I was not a wienie when I pushed my IV pole across the hospital courtyard an hour after I got out of recovery room following my second breast surgery in two weeks' time. It was New Year's eve 1999, the eve of the millenium. Snow spit from a slate sky as I navigated two surgical drains and a morphine drip, my winter coat loosely around my shoulders. What motivated this Herculean effort? I wanted a cigarette!

I was not a wienie when I drove myself to chemotherapy and endured that poison. I was not a wienie when I got third-degree burns from radiation and figured out how to treat my wounds myself since the radiation oncologist seemed helpless to provide a solution (put VERY CLEAN room temperature wet washcloths on the burn until the cloth is warm to the touch, remove, re-wet, replace, repeat until the heat stops being given off through the burn. This will take literally hours but works with all burns to stop subsequent damage).

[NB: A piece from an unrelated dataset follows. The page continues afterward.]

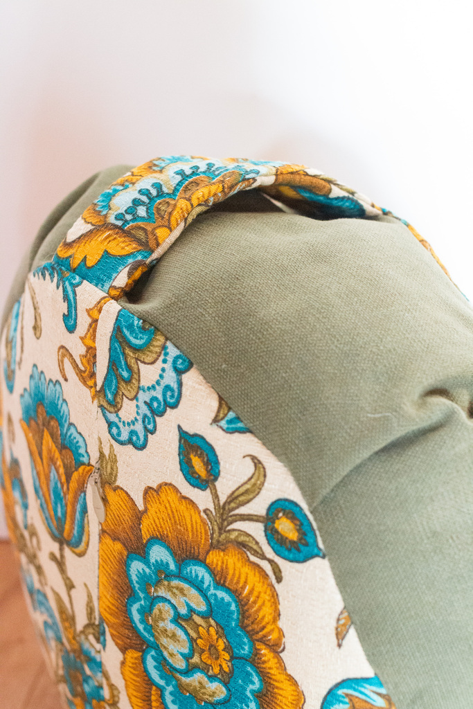 Tissu vert kaki : coupon issu de la confection d’une housse de canapé + Tissu à motifs floraux : coupon récupéré dans les trésors d’une ancienne couturière

In 1992, when I sat with my brother at University of Cincinnati Burn ICU after he suffered third-degree burns over 80% of his body and bagged him with an Ambu bag so the staff had more hands to quickly change his bandages so he wouldn't have to suffer as long, or assured him I'd take care of the leprechaun he hallucinated while he was weaning off morphine and on methadone, or when I made the unilateral decision for the surgeons not to amputate both his forearms – nope, not a wienie.

When the doctors suggested my brother would make a wonderful organ donor because of his general health and youth, and I urged them not to withdraw life support – to let HIM decide if he wanted to fight to live, that it was not our right to make that decision for him – I was not a wienie.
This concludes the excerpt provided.